Before I share these three points, I want to clarify I will not attempt to universalize an ethic for erotic ecology theology that is based on my social location, or “eco–” location. My ecological location is primarily of dominant identities, and as a result, one of the challenges of this erotic ecology will be its incompleteness. However, I speak from my location and acknowledge those ways of knowing and being of which I lack, while simultaneously attempting to be critically aware of these sociopolitical, power dynamics. I challenge others who receive this message to be critically aware of this shortcoming. This limitation leads me to draw upon the work of others in their experience of the erotic and its ecological context.
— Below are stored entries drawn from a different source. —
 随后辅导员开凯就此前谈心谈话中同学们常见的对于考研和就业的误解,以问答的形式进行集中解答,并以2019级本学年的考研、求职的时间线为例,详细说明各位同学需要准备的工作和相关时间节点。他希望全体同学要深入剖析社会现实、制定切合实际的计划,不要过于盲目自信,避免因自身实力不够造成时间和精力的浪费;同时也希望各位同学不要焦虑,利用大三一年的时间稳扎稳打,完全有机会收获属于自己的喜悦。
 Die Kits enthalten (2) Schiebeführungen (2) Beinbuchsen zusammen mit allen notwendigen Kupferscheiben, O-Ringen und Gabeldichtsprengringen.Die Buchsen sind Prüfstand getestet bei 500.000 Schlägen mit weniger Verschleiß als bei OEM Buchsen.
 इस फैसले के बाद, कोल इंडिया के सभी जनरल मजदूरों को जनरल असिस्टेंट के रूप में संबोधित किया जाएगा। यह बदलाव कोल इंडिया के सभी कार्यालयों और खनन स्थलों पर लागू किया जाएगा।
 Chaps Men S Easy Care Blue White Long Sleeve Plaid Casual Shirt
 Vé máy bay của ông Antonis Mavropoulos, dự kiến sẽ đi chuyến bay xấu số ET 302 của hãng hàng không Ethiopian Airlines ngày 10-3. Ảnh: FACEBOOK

It is also an opportunity, as it opens up the possibilities of this theology to be truly erotic and ecological, so that it might tap into the ways of being and knowing that others possess.
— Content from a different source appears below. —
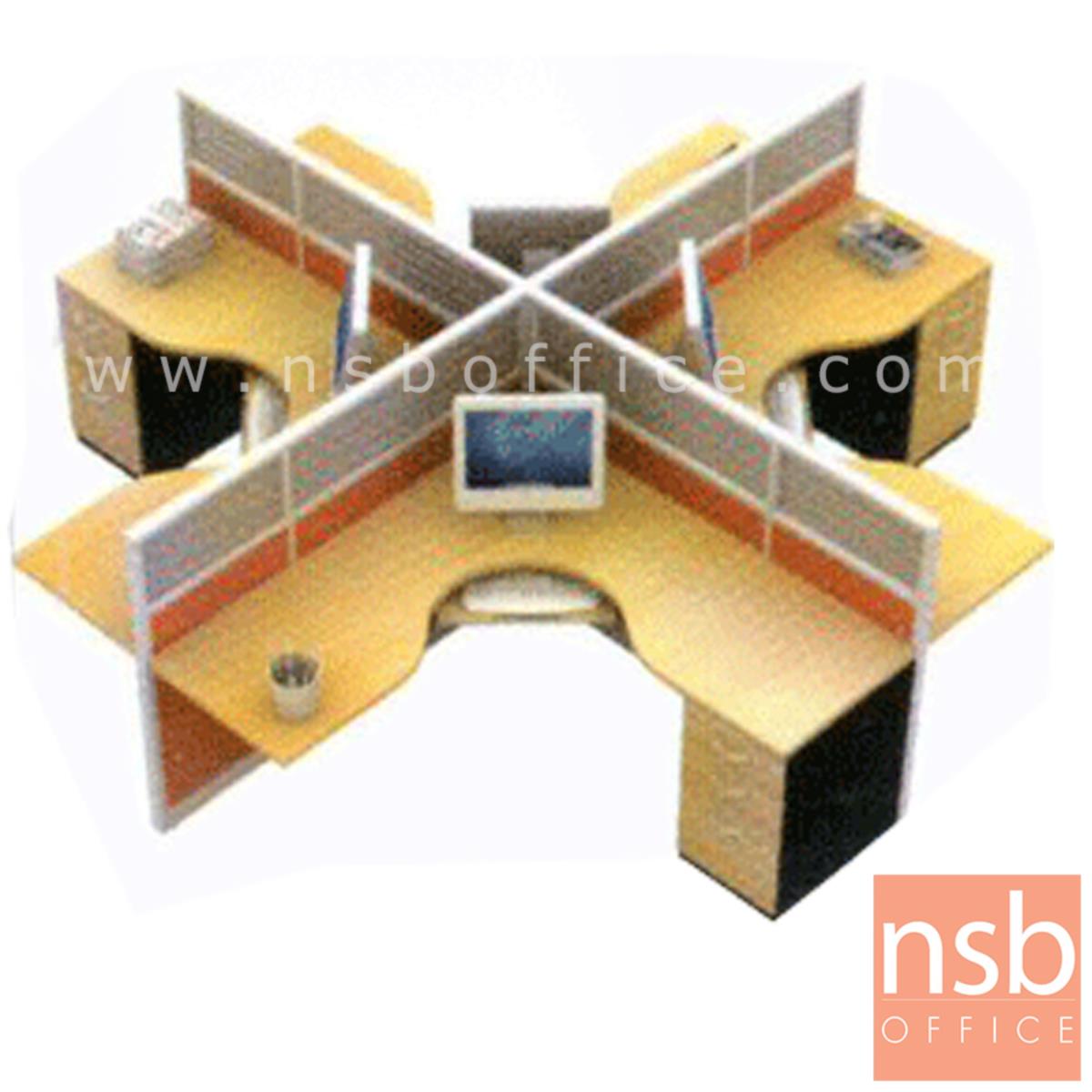 A04A041: ชุดโต๊ะทำงานกลุ่มตัวแอล 4 ทีนั่ง ขนาดรวม 328W cm. พร้อมพาร์ทิชั่น Hybrid

My first point describes this theology’s defining characteristics and lays the foundation for the theology by exploring the relationship between eroticism and ecology. The erotic is not just a sexualized (or asexualized) desire for a certain gendered or non-gendered group of people. It is easy to think of the word “erotic” and immediately illicit an image of a sexualized stereotype that is limited simply to one’s sexual or asexual preference. In Sister Outsider, Audre Lorde coins the erotic and describes it as living within a deeply female and spiritual plane that has been unrecognized or unexpressed. One of the functions of the erotic is sharing deep joy with another person, which serves as the foundation for bridging understanding between lived experience not shared between two people. This shared feeling does not dissipate its difference, but it instead lessens the threat of it. As Lorde understood in her writing, I want to expand the erotic as something more than this patriarchal, heteronormative sexualization or asexualization –– it is ecological. An erotic ecology is both a personal life force, and it is also a relational way of understanding community and connection. A theology of erotic ecology binds everything together, and it also differentiates it. It is what makes our desire and belonging unique, and its ecological nature is what also connects us. Erotic ecology individually places us within our deepest desires: to be known, to be loved, to love and to belong; these desires are deeply ecological and symbolic of what it means to be alive.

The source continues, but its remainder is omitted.